KAFM
- Grand Junction, Colorado; United States;
- Frequency: 88.1 MHz

Programming
- Format: Variety

Ownership
- Owner: Grand Valley Public Radio Co, Inc

Technical information
- Licensing authority: FCC
- Facility ID: 24780
- Class: A
- ERP: 300 watts
- HAAT: 396.6 meters (1,301 ft)
- Transmitter coordinates: 39°4′0″N 108°44′41″W﻿ / ﻿39.06667°N 108.74472°W
- Translators: 96.9 K245BU (Palisade; 102.9 K275CC (Grand Junction);

Links
- Public license information: Public file; LMS;
- Webcast: Listen Live
- Website: kafmradio.org

= KAFM =

Radio station in Grand Junction, Colorado

KAFM (88.1 FM) is a volunteer-oriented community radio station located in Grand Junction, Colorado, United States. As with most public stations, a significant share of the station's revenues are derived from member support.

==History==
Grand Valley Public Radio Company (GVPRC) incorporated on June 22, 1992. The first board of directors included Mickey Krakowski, Martin Krakowski, Marilyn Jones, Greg Jouflas, Char Shoffner, Elizabeth Thompson and Peter Trosclair. On April 12, 1994, the FCC granted a license to GVPRC for 88.1 at 16 watts and assigned call letters KAFM.

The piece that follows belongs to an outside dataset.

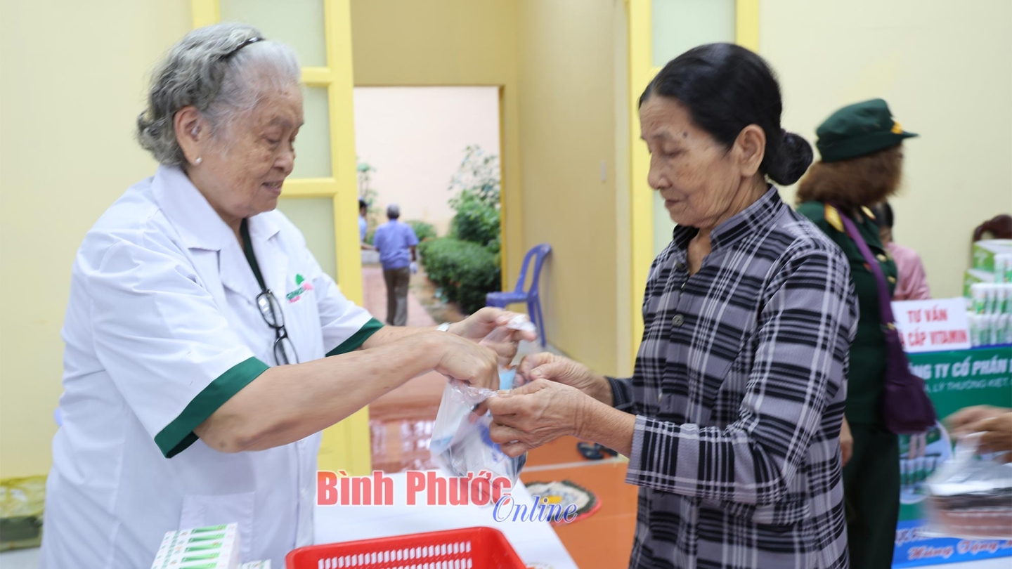 Người dân xã Lộc Hiệp được các y, bác sĩ tận tình hỏi thăm sức khỏe, cấp thuốc miễn phí

In mid-1995, KAFM filed an application with the FCC to transmit at 46,000 watts at 100.7, asking the FCC to allow KAFM to swap frequencies in accordance with FCC rules. In January 1996, the FCC denied KAFM's request but decided to open up 100.7 for operation. The next year, KAFM and 12 other broadcast entities, including Colorado Public Radio (CPR) and almost every Grand Junction commercial broadcaster, applied for 100.7, leading the FCC to freeze the process while it determined how to proceed.

In 1997, KAFM negotiated with KCIC, 88.5, to move to 88.7, thereby allowing both stations to raise power levels but in 1998, the existence of the CPR station in Montrose, KPRH, precluded the deal with KCIC, and KAFM was stuck at 16 watts. In mid-1998, the FCC told all 100.7 applicants to decide who would get the new frequency or it would auction off the frequency to the highest bidder and put the funds into the FCC budget. In a unique situation, all 100.7 applicants agreed to hold a private auction and split the funds among the losing bidders, with bidding to increase in $5,000 increments. The auction resulted in a price tag of $440,000 for the 100.7 license. KAFM received 1/11th of the proceeds after expenses, amounting to approximately $40,000.

In mid-1998, the KAFM board decided to put 88.1 on the air at 16 watts, not knowing how many listeners would be able to receive the station or support it. Transmitter facilities were constructed on Black Ridge in 1998, and the original studio facilities on West Independent were constructed in 1999. KAFM went on the air March 5, 1999.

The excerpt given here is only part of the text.